WARWICK.--Nous pourrions bien le retrouver; mais ce que nous aurions à dire est trop triste, pour souffrir de longs discours.

LANCASTRE.--Allons! que la paix soit avec celui qui nous cause cette tristesse!

LE JUGE.--Que la paix soit avec nous, et nous préserve de devenir plus tristes encore!

GLOCESTER.--O mon cher lord! vous avez en effet perdu un ami; et j'oserais jurer que vous n'avez pas emprunté le masque de la douleur: sûrement celle que vous montrez est sentie et bien sincère.

LANCASTRE.--Quoique nul homme dans ce royaume ne puisse savoir au juste quel sera son sort, cependant vous êtes celui qui a le moins à espérer. J'en suis affligé: je voudrais bien qu'il en fût autrement.

CLARENCE.--Il faut maintenant que vous ayez des égards pour sir Jean Falstaff. Il nage contre le cours qu'a suivi votre mérite.

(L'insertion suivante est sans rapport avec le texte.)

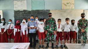 Dukung Pendidikan, Satgas Yonif 642 Bagikan Buku dan Alat Tulis Kepada Siswa Perbatasan RI-Malaysia
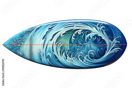 A surfboard with a blue wave design on it. The design is very detailed and intricate. The surfboard is long and narrow, with a blue and white color scheme

LE JUGE.--Aimables princes, ce que j'ai fait, je l'ai fait en tout honneur, et conduit par l'impartiale direction de ma conscience, et vous ne m'en verrez jamais solliciter le pardon par de honteuses et inutiles supplications. Si la fidélité et l'irréprochable innocence ne suffisent pas à me défendre, j'irai trouver mon maître le roi mort, et je lui dirai qui m'envoie après lui.

WARWICK.--Voici le prince.

(Entre Henri V.)

LE JUGE.--Salut! Que le ciel conserve Votre Majesté!

LE ROI.--Ce vêtement somptueux et nouveau pour moi, la majesté, ne m'est pas aussi léger que vous pouvez le croire.--Mes frères, votre tristesse est mêlée de quelque crainte. Mais c'est ici la cour d'Angleterre et non la cour de Turquie. Ce n'est point un Amurat qui succède à un Amurat; c'est Henri qui succède à Henri.--Cependant, soyez tristes, mes bons frères; car il faut l'avouer, cette tristesse vous sied; la douleur se montre en vous d'un air si noble que je veux en imiter l'exemple, et la conserver au fond de mon âme. Soyez donc tristes, mais pas plus, mes bons frères, que vous ne devez l'être, d'un fardeau qui nous est imposé en commun. Quant à moi, j'en atteste le ciel, je vous demande d'être assurés que je serai votre père et votre frère à la fois. Chargez-vous seulement de m'aimer, et moi je me charge de tous vos autres soins. Cependant pleurez Henri mort: je veux le pleurer aussi: mais vous avez un Henri vivant, qui pour chacune de vos larmes vous rendra autant d'heures de bonheur.

LANCASTRE ET LES AUTRES.--Nous n'attendons pas moins de Votre Majesté.

LE ROI, _les considérant l'un après l'autre_.--Vous me regardez d'un air inquiet; (_au juge_) et vous plus que les autres; vous êtes, je crois, bien sûr que je ne vous aime pas.

LE JUGE.--Je suis sûr que, si l'on me rend la justice qui m'est due, Votre Majesté n'a nul motif légitime de me haïr.

LE ROI.--Non? Comment un prince élevé dans de si hautes espérances pourrait-il oublier des affronts tels que ceux que vous m'avez fait subir? Quoi! réprimander, maltraiter de paroles, envoyer rudement en prison l'héritier présomptif de l'Angleterre! cela se pourrait-il aisément supporter? cela peut-il être lavé dans le Léthé? cela peut-il être pardonné?